Investing.com – European natural gas prices dropped on Tuesday after the Wall Street Journal reported that President Donald Trump has told aides that he is considering ending the war in Iran without having largely reopened the Strait of Hormuz.
The Dutch TTF front-month contract, the European natural gas benchmark, was last down 2.3% at 53.73 euros per megawatt hour.
Trump and his aides assessed that a mission to reopen the strait would push the conflict beyond his timeline of four to six weeks, the WSJ reported, citing administration officials. Trump decided that the U.S. would wind down current hostilities with Iran after achieving its main goals of hobbling Iran’s navy and missile stocks, the WSJ said.
Washington will then pressure Tehran diplomatically to reopen the strait, failing which, it will press allies in Europe and the Gulf to take the lead on reopening the strait, the WSJ reported.
The Strait of Hormuz has become a key point of focus for the U.S.-Israel war on Iran, with Tehran having effectively blocked the passage with mines and missile strikes. Roughly a one-fifth of the world’s oil flows through the narrow waterway off of Iran’s southern coast.
Last week, Trump set an April 6 deadline for Tehran to either reopen the strait or face U.S. attacks on its key energy and water infrastructure. But Iran has largely rejected calls to unblock the strait and has attacked tankers attempting to pass through Hormuz in the past month.
The closure has sparked a sharp increase in global oil and gas prices over the past month, fueling worries over a surge in inflation in countries around the world and threatening to weigh on a host of industries.
Europe, which has come to rely on liquefied natural gas imports from the Persian Gulf following Russia’s invasion of Ukraine in 2022, has been exposed to the war. Over the past month, have soared by more than 68%.

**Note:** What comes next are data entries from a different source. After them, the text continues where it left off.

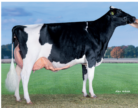
Topcross Janice 1 (v. Charityman), kamp. oud. Levensprod.: 1471 55.635 4,08 3,47
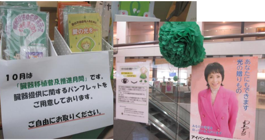
≪ 富山赤十字病院 10/10～10/17まで掲示 ≫
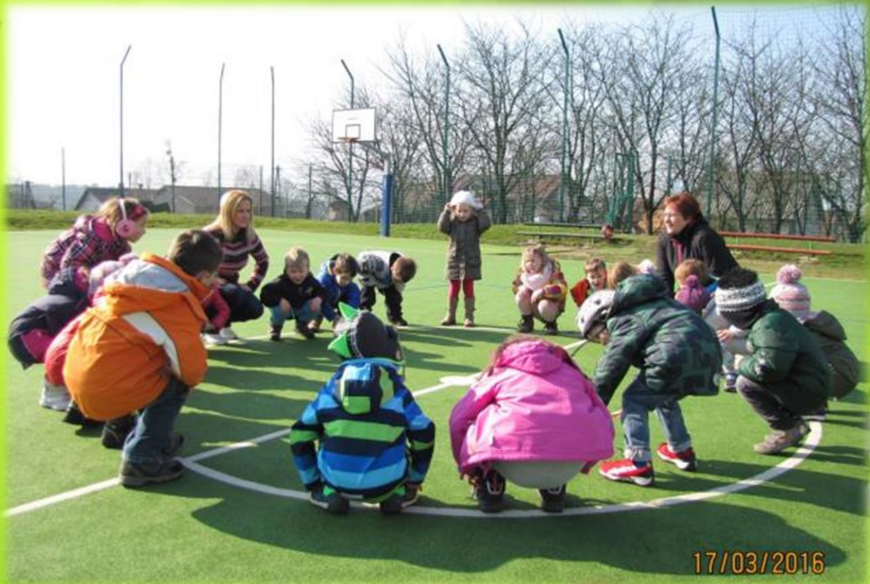
Igra na igrišču
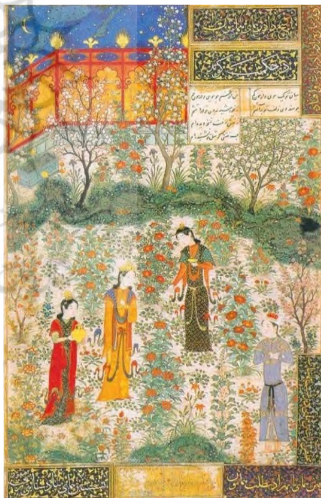
تصویر ۷. همای و همایون، سبزه‌زار با انواع گل و بوته‌های بومی که در باغ ایرانی، باغچه و حیاط‌ها بوده است و جویبار و پلان جلو که عشاق را نشان می‌دهد، ردیف درختان با آسمان لاجوردی و نمایش شب در بالا و روز در پایین باغ نیز از نکات جالب توجه است.
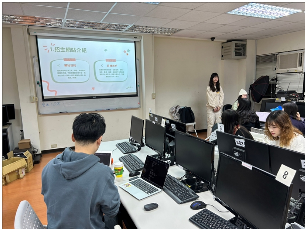
小組進行企劃發表
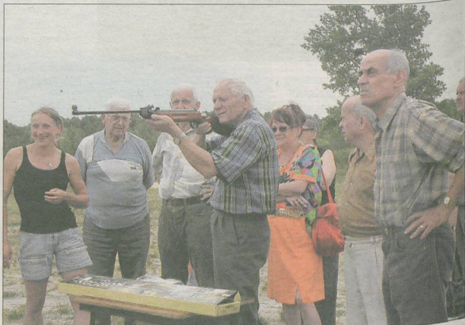
Podczas pikniku w Radlinie emerycy rywalizowali w strzelaniu z wiatrówek
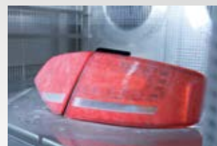
Prueba de humedad y frío
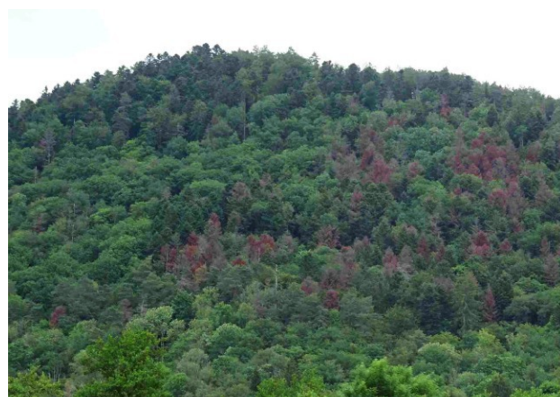
Rougissement de sapin en FC de Rupt/Moselle (88) - B.Didier

Remiremont). Sont également concernés des reboisements de Haute-Marne et de Meuse.
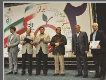
کسب اولین و تنها دارنده جایزه ملی کیفیت در تجهیزات پزشکی یکبار مصرف در سطح اهتمام - ۱۳۹۰
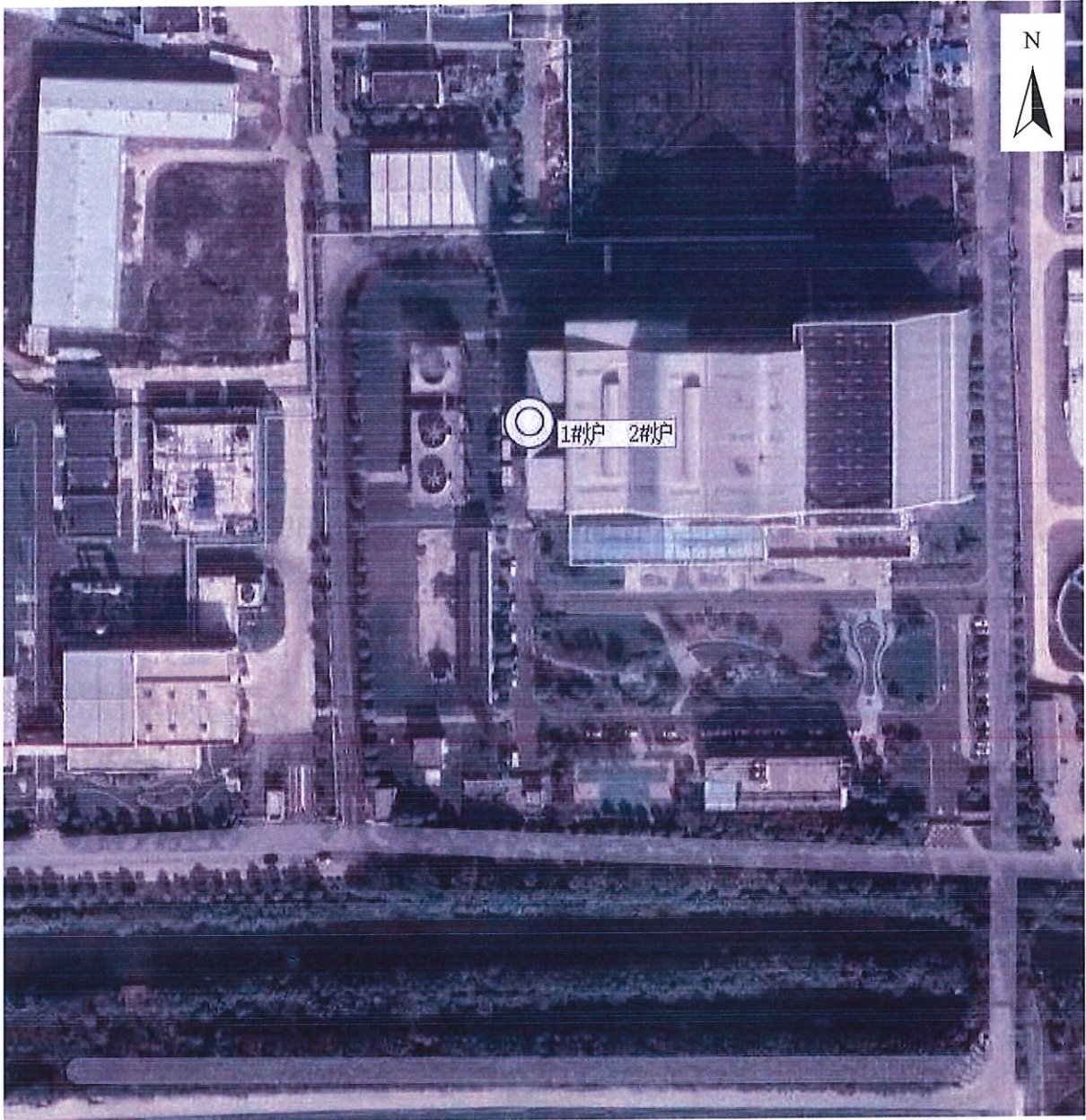
附图 1：监测点位示意图
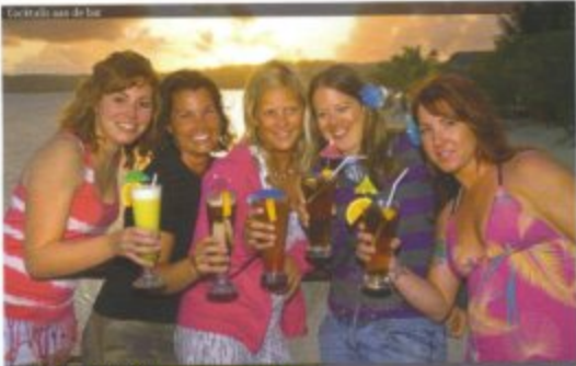
De verhalen van het CMIO 2009
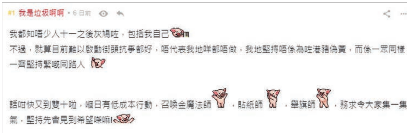
「連登仔」召集「貼紙師」和「舉旗師」，張貼「台獨」宣傳品及舉「台獨」旗。

Data on Tuesday from Eurostat showed that Eurozone inflation accelerated to 2.5% in March, below economists’ estimates but higher than the European Central Bank’s 2% medium-term target, largely due to the energy shock. In February, a time that largely does not include the now more than month-old joint U.S.-Israeli assault on Iran, consumer prices in the Eurozone currency area rose by 1.9%.